◆ Assigned task:
Look through the data below and output, unchanged, every line from the one holding "the HTC One M8" through the one holding "もう定番にもなっているクレリ", inclusive. Skip the pictures.

◆ Information:
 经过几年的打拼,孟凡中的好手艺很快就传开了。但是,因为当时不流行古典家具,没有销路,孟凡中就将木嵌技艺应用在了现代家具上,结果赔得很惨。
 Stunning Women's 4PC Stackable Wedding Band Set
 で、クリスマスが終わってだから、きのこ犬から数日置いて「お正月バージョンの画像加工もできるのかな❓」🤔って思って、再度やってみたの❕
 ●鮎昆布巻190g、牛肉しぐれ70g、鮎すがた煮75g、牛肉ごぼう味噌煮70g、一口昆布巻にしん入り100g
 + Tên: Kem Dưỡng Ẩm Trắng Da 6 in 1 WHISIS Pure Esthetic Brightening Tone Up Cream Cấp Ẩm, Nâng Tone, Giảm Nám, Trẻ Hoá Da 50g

---

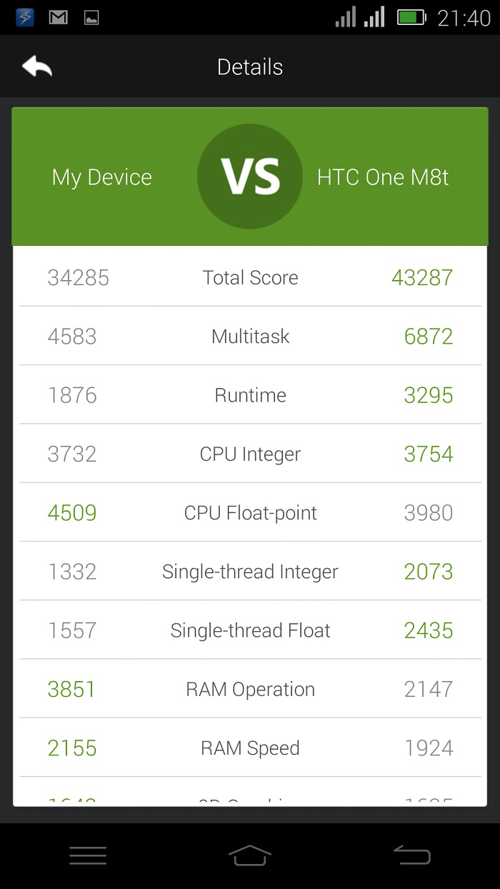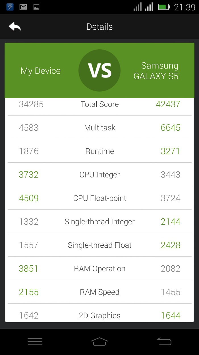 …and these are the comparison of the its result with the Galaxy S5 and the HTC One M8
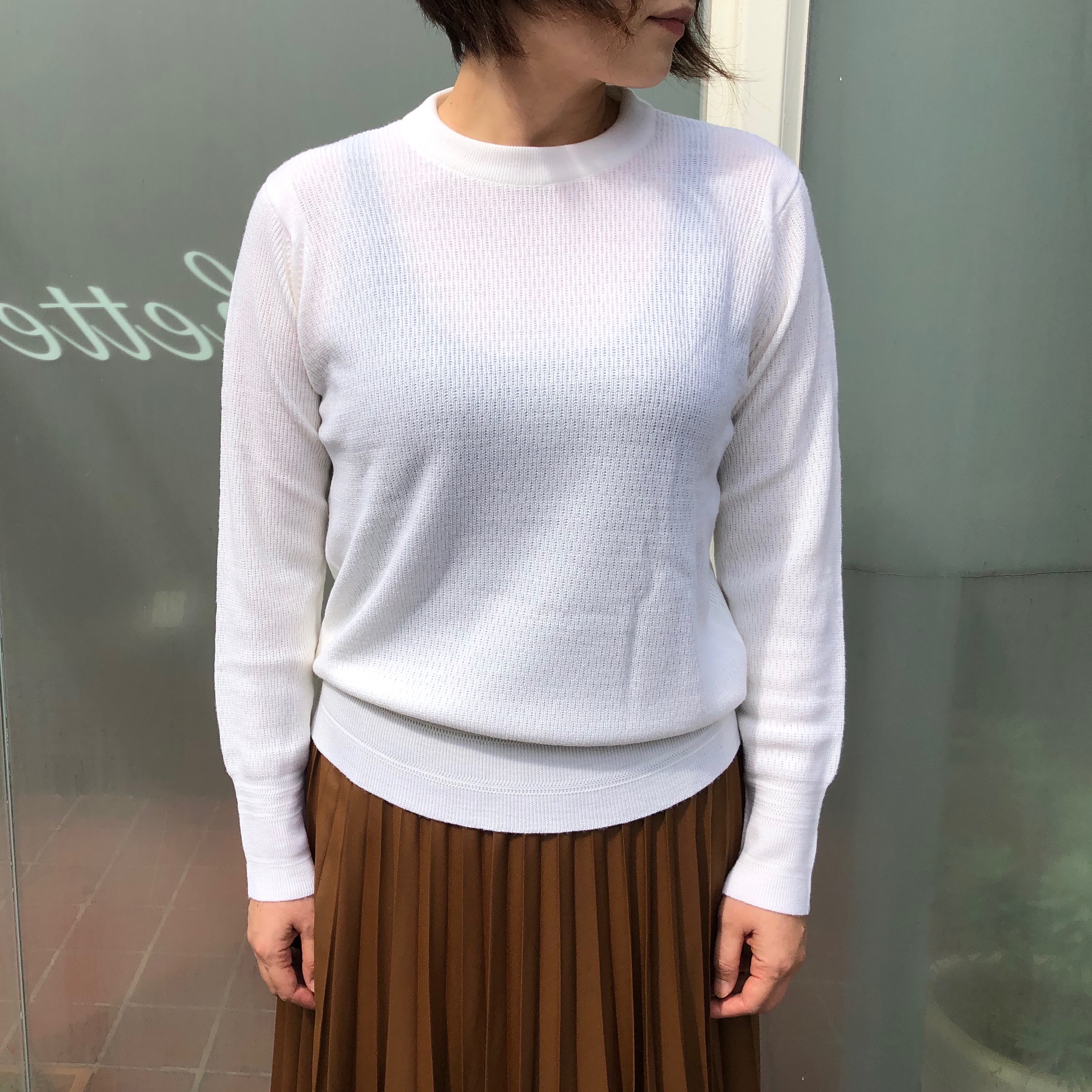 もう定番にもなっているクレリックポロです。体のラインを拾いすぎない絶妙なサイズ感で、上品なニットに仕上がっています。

---

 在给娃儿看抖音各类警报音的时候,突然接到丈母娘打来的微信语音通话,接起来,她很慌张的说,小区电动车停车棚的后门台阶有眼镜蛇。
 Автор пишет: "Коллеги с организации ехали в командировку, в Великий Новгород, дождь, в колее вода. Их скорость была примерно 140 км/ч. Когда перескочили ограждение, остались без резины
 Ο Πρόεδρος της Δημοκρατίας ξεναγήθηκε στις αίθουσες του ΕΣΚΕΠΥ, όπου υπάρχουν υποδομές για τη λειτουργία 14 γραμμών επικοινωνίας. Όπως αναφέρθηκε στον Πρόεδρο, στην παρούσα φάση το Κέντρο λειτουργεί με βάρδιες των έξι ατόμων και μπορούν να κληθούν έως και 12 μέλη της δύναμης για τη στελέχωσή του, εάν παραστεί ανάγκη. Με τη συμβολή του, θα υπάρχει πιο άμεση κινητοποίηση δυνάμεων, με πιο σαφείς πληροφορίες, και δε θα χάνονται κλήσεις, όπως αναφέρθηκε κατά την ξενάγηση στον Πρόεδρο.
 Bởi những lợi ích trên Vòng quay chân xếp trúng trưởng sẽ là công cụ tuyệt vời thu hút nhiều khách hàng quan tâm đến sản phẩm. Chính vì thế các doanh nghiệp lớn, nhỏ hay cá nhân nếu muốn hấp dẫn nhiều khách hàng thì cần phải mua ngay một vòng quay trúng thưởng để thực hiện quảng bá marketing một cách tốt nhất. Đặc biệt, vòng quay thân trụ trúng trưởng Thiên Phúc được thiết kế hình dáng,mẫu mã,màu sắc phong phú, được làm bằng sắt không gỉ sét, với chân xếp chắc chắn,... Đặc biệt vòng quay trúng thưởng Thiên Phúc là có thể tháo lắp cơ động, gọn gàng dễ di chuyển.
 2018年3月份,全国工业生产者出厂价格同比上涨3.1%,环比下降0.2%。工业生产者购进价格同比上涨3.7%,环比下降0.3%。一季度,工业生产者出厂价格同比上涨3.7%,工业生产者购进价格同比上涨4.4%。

◆ Reply:
 …and these are the comparison of the its result with the Galaxy S5 and the HTC One M8
 もう定番にもなっているクレリックポロです。体のラインを拾いすぎない絶妙なサイズ感で、上品なニットに仕上がっています。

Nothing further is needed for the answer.